There is a greater concentration of Ca2+ in the ER and outside the cell than in the cytoplasm. This is maintained by certain channels that keep Ca out, such as the Na-driven Ca exchanger and the Ca pump, as well as Ca pumps in the ER and mitochondrial membranes.
Describe the role of inositol trisphosphate (IP
3) in signal transduction.
IP3 releases Ca from the ER, which opens more Ca channels. The increase in cytosolic Ca can have multiple effects. Eventually, channels close by feedback inhibition, terminating the spike of signal. The frequency of these spikes, rather than the amplitude, increases with more signal. Ca binds calmodulin, which can now bind many enzymes and membrane transport proteins and alter their activity.
Using vasopressin-induced Ca2+ oscillations n a liver cell as an example, describe
the effect of the hormone concentration on oscillatory frequency.
Hormone concentration is directly related to the frequency of Ca2+ oscillations in a liver cell.

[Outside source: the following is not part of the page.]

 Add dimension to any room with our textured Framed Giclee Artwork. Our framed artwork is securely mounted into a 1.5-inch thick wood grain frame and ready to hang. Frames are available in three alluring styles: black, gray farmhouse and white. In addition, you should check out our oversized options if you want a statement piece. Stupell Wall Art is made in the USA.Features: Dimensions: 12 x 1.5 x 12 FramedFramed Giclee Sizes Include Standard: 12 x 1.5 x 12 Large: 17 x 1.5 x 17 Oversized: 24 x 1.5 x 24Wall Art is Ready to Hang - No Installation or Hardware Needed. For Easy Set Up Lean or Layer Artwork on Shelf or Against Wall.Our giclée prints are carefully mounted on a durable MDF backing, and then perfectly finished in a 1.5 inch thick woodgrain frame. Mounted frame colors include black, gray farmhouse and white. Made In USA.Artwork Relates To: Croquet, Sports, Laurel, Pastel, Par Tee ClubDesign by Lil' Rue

Describe the structure of calmodulin, including the number and location of the Ca2+ binding sites.
Calmodulin is an alpha helix with four Ca binding sites.

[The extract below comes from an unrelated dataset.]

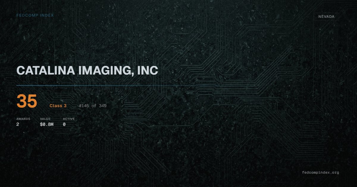 CATALINA IMAGING, INC holds position #146 among 349 Nevada federal contractors scored by the FedComp Index at 35. Contract records show $0.8M in federal awards over the five-year scoring window. Awards span Department of Defense and Department of Veterans Affairs. Most recent contract activity from early 2025. Top competitors by award overlap include BRIGADE MEDICAL SERVICES INC and MARVEL WATER LLC.

Discuss how the binding of Ca2+ to calmodulin affects its structure and function.
When at least two of calmodulin’s binding sites are filled, the protein is capable of wrapping around enzymes and membrane transport proteins to alter their activity.
Indicate how Ca2+/calmodulin activates CaM-kinase II, and how CaM kinase remains active even after cellular Ca2+ has decreased.

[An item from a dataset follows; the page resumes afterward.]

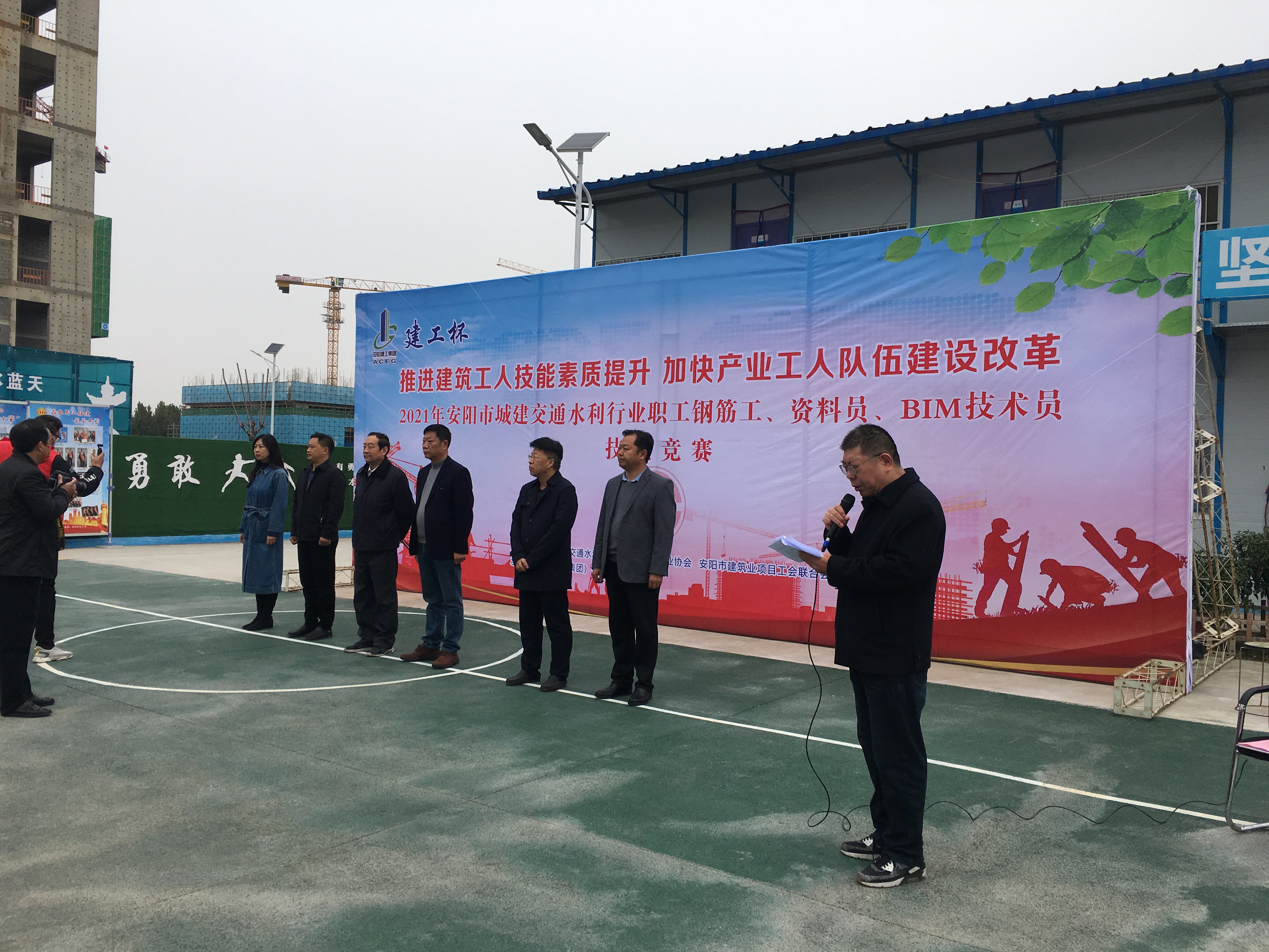 為深入貫徹落實(shí)習(xí)總書記關(guān)于產(chǎn)業(yè)工人隊伍建設(shè)改革的重要指示精神,在全市建筑行業(yè)大力弘揚(yáng)工匠精神,激發(fā)系統(tǒng)職工創(chuàng)新創(chuàng)業(yè)熱情,造就一支高素質(zhì)的建筑產(chǎn)業(yè)工人隊伍,扎實(shí)推進(jìn)《安陽市產(chǎn)業(yè)工人隊伍建設(shè)改革實(shí)施方案》落地生根,營造勞動光榮、技能寶貴的社會風(fēng)尚和精益求精的敬業(yè)風(fēng)氣,2021年安陽市城建交通水利行業(yè)鋼筋工、資料員、BIM技術(shù)員開賽儀式于10月20號上午在安陽建工集團(tuán)海悅國際大廈項(xiàng)目部隆重開幕。

When Ca2+-calmodulin binds CaM-kinase II, it partially activates its kinase activity. The CaM kinase then phosphorylates itself, resulting in complete activation that persists even after Ca2+ decreases and calmodulin dissociates from it.
How is CaM-kinase II activity turned off?
A phosphatase cleaves the phosphate bond, deactivating the kinase
Discuss how the frequency of Ca2+ oscillations can affect CaM-kinase II activity.
The higher the frequency of Ca oscillations, the easier it is for CaM-kinase II to be phosphorylated and the less time for a phosphatase to dephosphorylate the kinase.
What does cGMP activate, and what does this molecule do?
It activates Protein Kinase G, which phosphorylates Ser/Thr residues
Discuss how activation of the inositol phospholipid pathway can have different effects in different cell types.
Different cell types may have different molecules available for phosphorylation. This would, then, result in a different cell response to the same signaling pathway.
Identify the major signal transduction mechanisms for the different adrenergic receptor subtypes.
Alpha 1’s use Gq – phospholipase C, DAG+PKC, IP3+ca-calmodulin
Alpha 2’s use Gi, Go (not mentioned) – inhibitory, adenylyl cylcase
Beta’s use Gs – stimulatory, adenylyl cyclase
Describe how bradykinin can stimulate the formation of NO in endothelial cells?
Bradykinin binds a GPCR associated with Gq. Gq then activates PLC, which breaks down the PIP into DAG and IP3. IP3 releases calcium from the ER, and the calcium-calmodulin complex binds the nitric oxide synthase (NOS). When arginine binds the enzyme, NO is generated.